O jurista Modesto
Carvalhosa pergunta: onde está escrito, na Constituição, que o Congresso
tem legitimidade para promover autonomamente - e no seu interesse - uma
reforma política? A CF exige, responde ele, a realização de plebiscito:
A reforma política em
curso no Congresso peca de vício de origem que a torna absolutamente
inválida no âmbito de um estado de direito. Nossa democracia funda-se no
princípio da soberania do povo, inscrito no artigo 1º da Constituição
Federal (CF), cujo sistema de representação, à luz do artigo 14 da mesma
Carta, só poderá ser alterado por plebiscito, aí incluídos os temas
cláusula de barreira e financiamento público de campanha.
Na Constituição de
qualquer país democrático, e muito menos aqui, não há autorização para
os mandatários aprovarem uma autorreforma política, usurpando a
soberania do povo.
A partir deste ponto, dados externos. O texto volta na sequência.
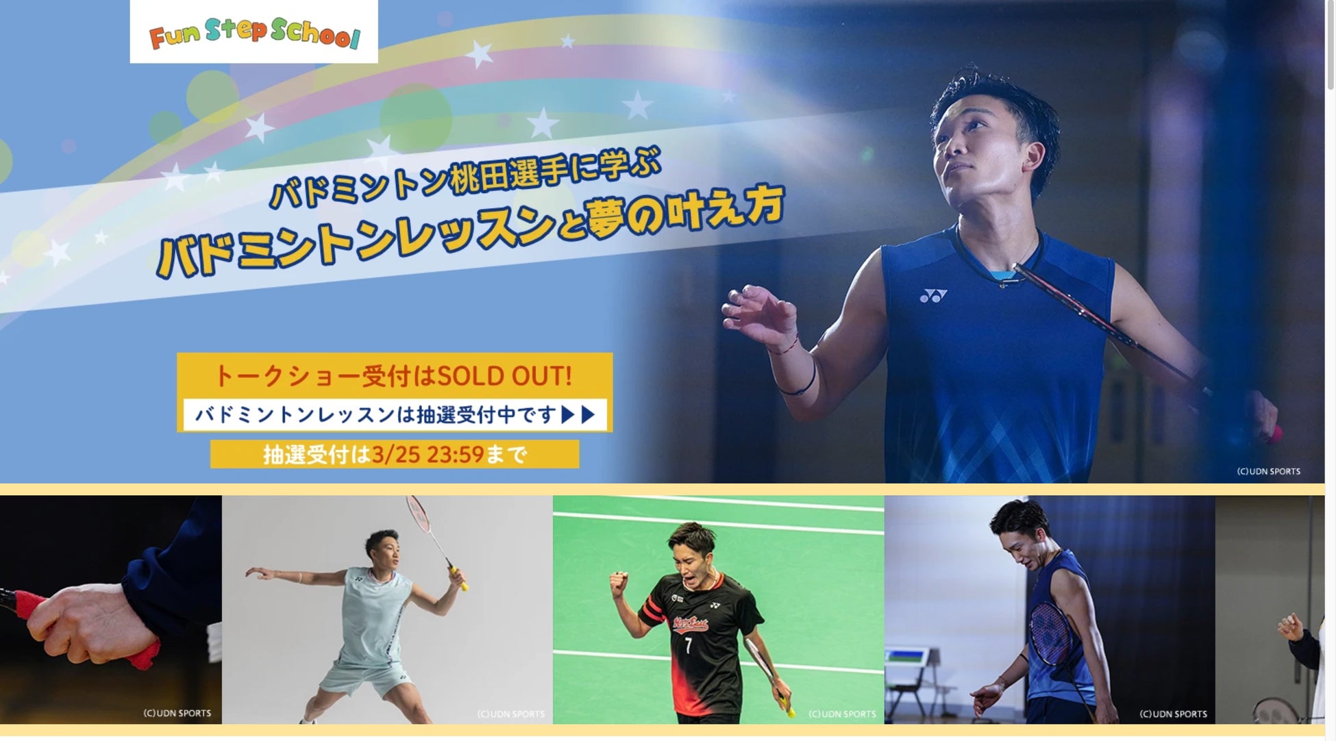 桃田選手のバドミントングループレッスン(対象:経験者)(抽選48名)

Só falta, em seguida, admitir que mera PEC substitua
presidencialismo por parlamentarismo…
Ora, nem os Estados
Unidos ousaram rever seu arcaico sistema eleitoral. E, de todo modo,
nenhum país verdadeiramente democrático ousaria fazê-lo sem a necessária
consulta prévia ao eleitorado, oferecendo diversas opções de mecanismos
de representação e financiamento de campanhas eleitorais.
A finalidade da
cláusula de barreira e do financiamento público de campanhas nessa
inaceitável reforma é, doravante, em todas as esferas, perpetuar no
poder seus atuais detentores e impedir o surgimento de novos partidos e
candidaturas independentes, eliminando uma das bases da democracia, isto
é, a alternância e a constante renovação dos representantes do povo.
Mas o chamado Fundo
Especial de Financiamento da Democracia (?!) de até R$ 6 bilhões não
pode ser acolhido por ferir o princípio fundamental da separação entre
os recursos públicos e os privados.
Pessoas jurídicas de
Direito Privado que são, os partidos políticos, segundo o artigo 17 da
CF, apenas podem receber do Estado o atual Fundo Partidário e o acesso
gratuito ao rádio e à televisão.
Além do mais,
qualquer outro benefício inventado pela autorreforma política esbarra na
norma que veda a fixação de despesa sem a previsão da respectiva
receita (artigo 165 da CF), princípio fundamental e inderrogável por
qualquer PEC.
A propósito, onde
está escrito na Constituição que o Congresso tem legitimidade para
promover autonomamente e no seu único interesse uma reforma política,
ignorando a soberania popular consagrada pelos artigos 1º e 14º da CF?
A sede de poder
revelada por esse monstrengo de autorreforma política também atenta
contra os princípios da moralidade e da impessoalidade, que devem
presidir à conduta dos mandatários de cargos públicos (artigo 37 da CF).
Os pretextos para
essa autorreforma das estruturas de representação popular são
insubsistentes, tanto mais quanto se sabe que o voto distrital puro, a
ser objeto de imperioso plebiscito, diminui os custos de campanha
drasticamente (80%) e vincula aos eleitores o representante escolhido
pelo distrito, acabando com a dispersão de votos e a desproporção de
parlamentares federais por estado.
A vingar essa
autorreforma, típica de república das bananas em que vamos
gradativamente nos transformando, a corrupção será generalizada nas
eleições de 2018 e seguintes, pois uma fortuna de R$ 3 bilhões a R$ 6
bilhões estará à disposição dos caciques dos partidos, dos seus
milionários marqueteiros, sobrando ainda muito dinheiro do povo para a
compra de votos através de cabos eleitorais pagos a peso de ouro
(prefeitos, vereadores, presidentes de associações de bairros, chefes de
comunidades etc.), tudo isso sem contar que o crime organizado
certamente entrará firme nas “campanhas cívicas” para dividir o botim
tirado do Estado.
Portanto, cabe ao STF
pôr cobro a esse desmanche dos fundamentos de nossa democracia,
determinando a convocação de plebiscito para decidir — sim ou não —
sobre as propostas de reforma política.
E nós, o povo,
devemos ir às ruas e impedir que essa monstruosidade venha não só
legalizar, mas constitucionalizar a corrupção eleitoral. (O Globo).